What is this all about? Start here, silly.
For those of you who spend a lot of time standing up environments in the cloud, or for those of you who just don’t care, this post will be “meh”.
But for everyone else, you’ll probably be able to pick up a hint or two. Some of what I’ll point out is conventional wisdom, there are a few hard-earned lessons from yours truly, and there’s some very opinionated personal preference thrown in, too.
As I mentioned previously, I’d suggest you use both a public and private subnet for this work. Granted, doing so does add complexity. BUT, it does make it much harder for bad guys to get at your goods even if you happen to make a mistake or two elsewhere.
While it can be fun and instructive to create the VPC and subnets yourself, I’d recommend you simply use the VPC Wizard. Doing so will allow you to ignore certain complexities like Routing Tables, Internet Gateways, etc.
Newbie docs: What’s a VPC?
When running this wizard, you have two choices around how your private subnet “gets to the internet”. Either a NAT Gateway, or an “old fashioned” NAT instance.
TL;DR I generally like NAT Instances except for big projects where there will be lots of data flying around
Newbie Docs: What’s a NAT?
The NAT gateway runs 24 x 7, and you get charged for both the time it runs and the amount of data that goes through it. The NAT Instance is a single Linux machine that handles network address translation. NAT gateways are “set it and forget it” – they scale for you automatically as network traffic increases….but you pay for them running all the time.
I generally choose the NAT instance, except for big projects.
So, this is sort of a lie:
…I’m using a NAT Instance which also acts as a Bastion Host for me.
TL;DR: If you create Security Rules which allow lots of traffic from 0.0.0.0/0, you’re begging for trouble.
After you create your VPC and subnets via the VPC Wizard, you’ll need to create a security group for machines in your private and public subnets.
Newbie docs: What’s an AWS Security Group?
Please don’t use the “default” group that was generated during VPC creation. Please don’t start opening up tons of ports in the default group either. Some other person who knows less than you is going to choose this thing in the future and get themselves into a world of hurt.
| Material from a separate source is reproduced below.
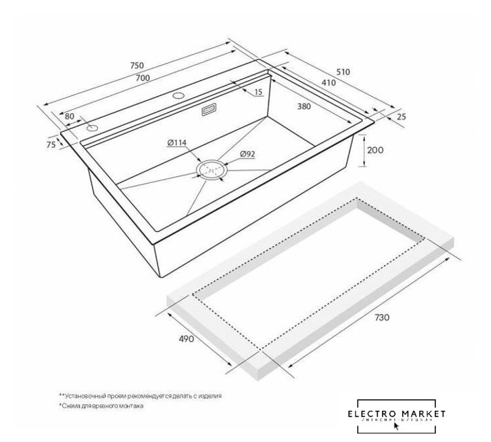 врезная на столешницу/врезная вровень со столешницей, нержавеющая сталь, размеры: 51x75 см, глубина чаши: 20 см, в шкаф шириной от 80 см

True Story: So, I’m temporarily working with this company that is pretty “wild west” with their cloud infrastructure: Everyone is an admin. The problem is that many of these folks are in a hurry and simply add rules like “All Traffic” allowed from 0.0.0.0/0 (“the world)”…or “8088” (a Hadoop YARN port) allowed from 0.0.0.0/0. They also put their Hadoop clusters in public subnets because it was a pain in the ass to access HUE, Resource Manager, etc. in the Browser from over the public internet otherwise.
Result? Their Hadoop clusters were owned by crypto-mining hackers over and over again. And again….and OMG
makeit stop, again. It got to the point where I wrote a document on “how to clean up” and had it ready to forward when I got that “My Hadoop cluster is really slow and all nodes are at 100% CPU” email. Don’t be these people.
Create a few, simple security groups that don’t allow much traffic through, and use them religiously.
I have a security group for machines (Guacamole, NAT Instance) in the public subnet, and one for the machines (Server, Connect, Promote) in the private network.
In my sandbox:
- Each security group allows all traffic which originates from “inside itself”: so that machines in the same subnet can talk.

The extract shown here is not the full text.